Re^2: sorting logfiles by timestamp
by jasonl (Acolyte) on Jan 21, 2014 at 16:15 UTC

    Thanks, all. I haven't had time to fully absorb the different transforms, but that sounds helpful. kcott, you've pretty much hit the nail on the head, except your output isn't sorted the way I need it to be. You've got:

    01/14/2014,23:44:12,D,X 01/14/2014,23:44:13,C,X 01/14/2014,23:44:12,B,Y 01/14/2014,23:44:14,A,Y

    When it needs to be:

    01/14/2014,23:44:12,D,X 01/14/2014,23:44:12,B,Y 01/14/2014,23:44:13,C,X 01/14/2014,23:44:14,A,Y

    Is that the expected behavior? (Note, for my needs in cases where there are multiple entries in the same second, they can be in any order.)

      From the information provided, I can see no need for that complex data structure (i.e. @{$myHash{$data2}{info}}).

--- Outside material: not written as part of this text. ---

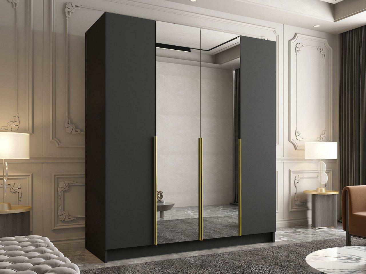Šatní skříň Sezalos II (černá + zlatá) (se zrcadlem)
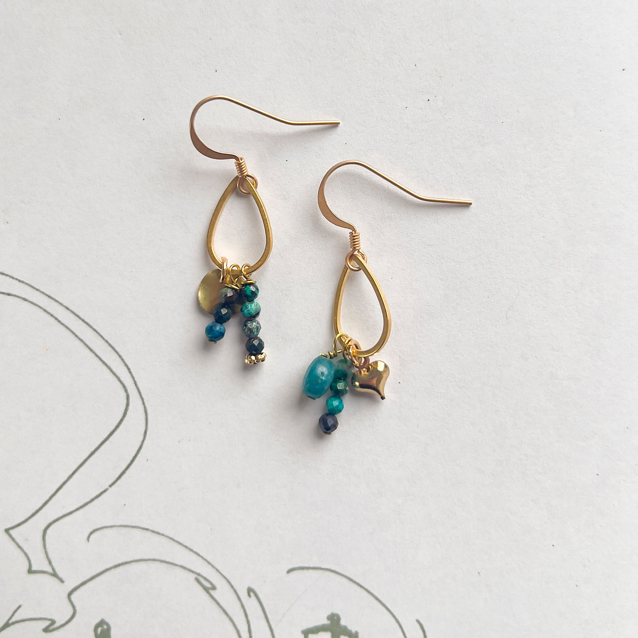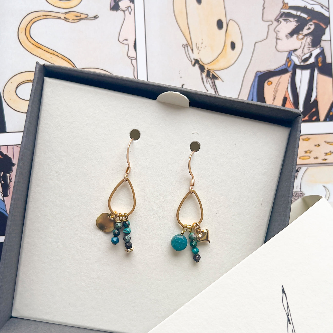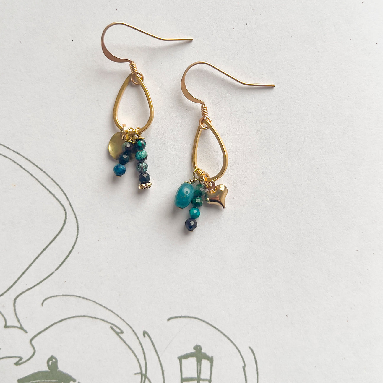 E' una coppia di orecchini asimmetrici pendenti con gocce dorate e bellissime pietre dure

      This code produces the output you say you want:

      #!/usr/bin/env perl -l use strict; use warnings; use Time::Piece; my @data; while (<DATA>) { my ($date, $time, $data1, $data2) = split; my $key = Time::Piece->strptime("$date $time", '%m/%d/%Y %H:%M:%S' +)->epoch; push @data, [$key, "$date,$time,$data1,$data2"]; } print for map { $_->[1] } sort { $a->[0] <=> $b->[0] } @data; __DATA__ 01/14/2014 23:44:14 A Y 01/14/2014 23:44:12 B Y 01/14/2014 23:44:13 C X 01/14/2014 23:44:12 D X

      Output:

      01/14/2014,23:44:12,B,Y 01/14/2014,23:44:12,D,X 01/14/2014,23:44:13,C,X 01/14/2014,23:44:14,A,Y

      If that doesn't do exactly what you want, it should at least provide sufficient information for you to attempt a solution yourself. If you do need further help, please ensure you post the missing details.

      -- Ken

        Here's essentially the same thing without Time::Piece.

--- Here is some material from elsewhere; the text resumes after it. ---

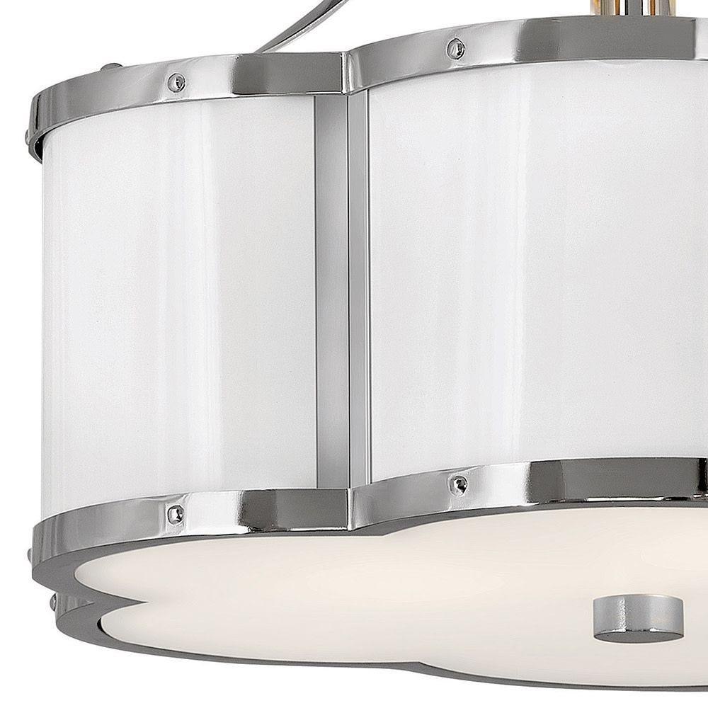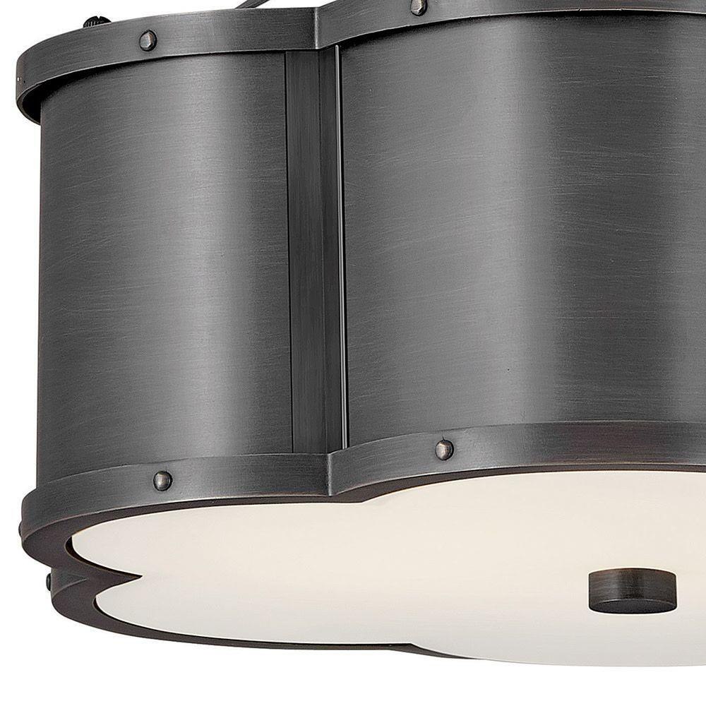 There's everything to love about the classic shape of Chance's semi-flush mounts and pendant. Timeless, symmetrical and classic, its pedigree is an ancient symbol of good luck. Hinkley's design focuses on details such as rivets along the top and bottom cast frame and a functional light source that also illuminates for added sophistication. Chance is available in multiple finish options.

        use strict; use warnings; my @data; while (<DATA>) { my ($date, $time, $data1, $data2) = split; my $key = $date . $time; $key =~ s{^(\d\d)/(\d\d)/(\d\d\d\d)(\d\d):(\d\d):(\d\d)}{$3$1$2$4$ +5$6}; push @data, [ $key, join(',', $date, $time, $data1, $data2) ]; } print map { "$_->[1]\n" } sort { $a->[0] <=> $b->[0] } @data; __DATA__ 01/14/2014 23:44:14 A Y 01/14/2014 23:44:12 B Y 01/14/2014 23:44:13 C X 01/14/2014 23:44:12 D X

        Better yet, skip split() and use a single regular expression to parse the whole log record as I did here. Personally, I'd take this opportunity to improve the log records by keeping the ISO 8601 format timestamps instead of just using them as a transitory sort key.

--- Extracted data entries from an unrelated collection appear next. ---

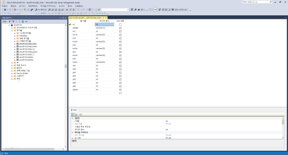 여기에 하나하나 필드명들을 입력하고 데이타 타입을 선택합니다.
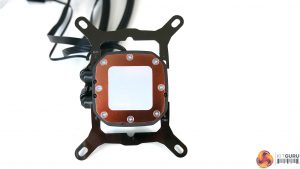 Next, lower the pump down over the CPU and align with the mounting posts. Take the four thumbscrews and tighten in an X pattern to evenly spread pressure on the CPU HIS. Final tightening can be finished off with a screwdriver if necessary.
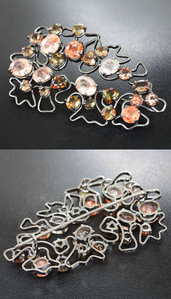 Вашему вниманию предлагается комплект (кольцо + брошь/кулон) из стерлингового серебра (925 проба) с солнечным камнем и андалузитами! Изделия с чернением. Вес комплекта 29,1 г.
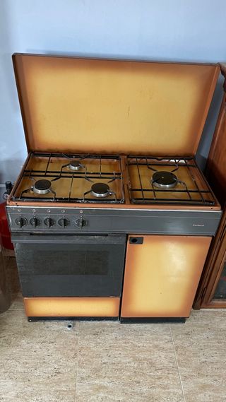 Cocina de gas con horno y tapa superior. - Encimera con cuatro quemadores. - Mandos frontales. - Puerta de horno con cristal.
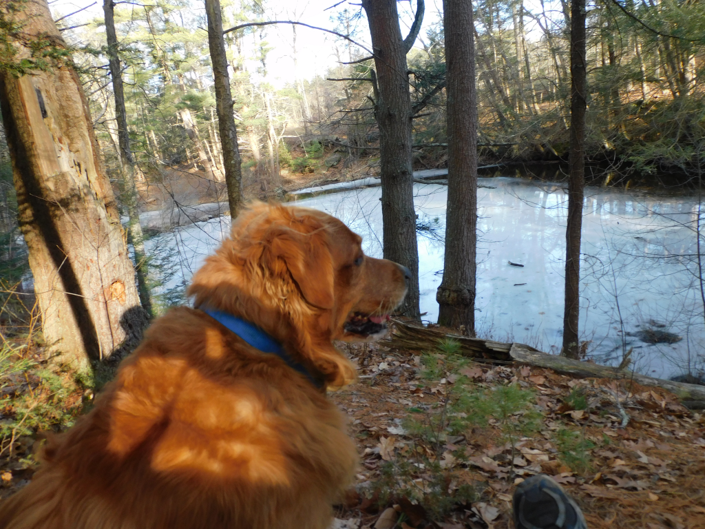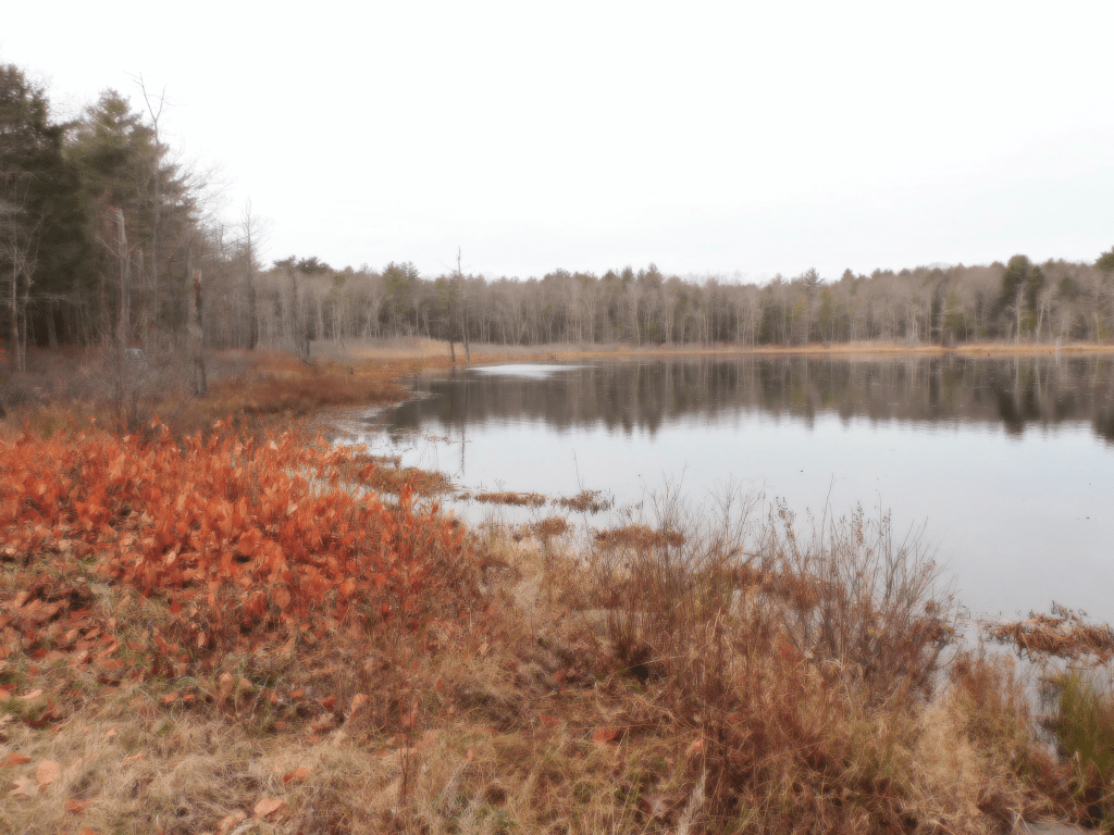 Leaving from High street at what people call Five Corners in Hampton, going on Little River Road to Woodland Road, one will see a small picturesque pond on your left. It is small enough to pass by without looking at it. You will see a small parking area in front of the pond. When you park your car there, there is a sign that says Ice Pond trail. The only trail is about 50 yards long.

        Even Dave Rolsky sanctions using a regular expression instead of a proper timestamp parser in exactly this kind of situation. See this slide in his presentation titled A Date with Perl, which you can watch him present here.

        Jim

        (Posting anon b/c I don't have my pw saved on this browser.) Apologies, I don't know how many times I looked at your first example and it never clicked that you had them grouped by <data2>, which is indeed what I was going for. To clarify, <data2> is a client identifier, and I need to grab all log messages (<data1>) for each client , group them together by client (hence the hash of arrays with the client ID as key), and then sort each group of logs by time. I haven't tried to implement it yet, but it does indeed look like what I was trying to do. Thanks.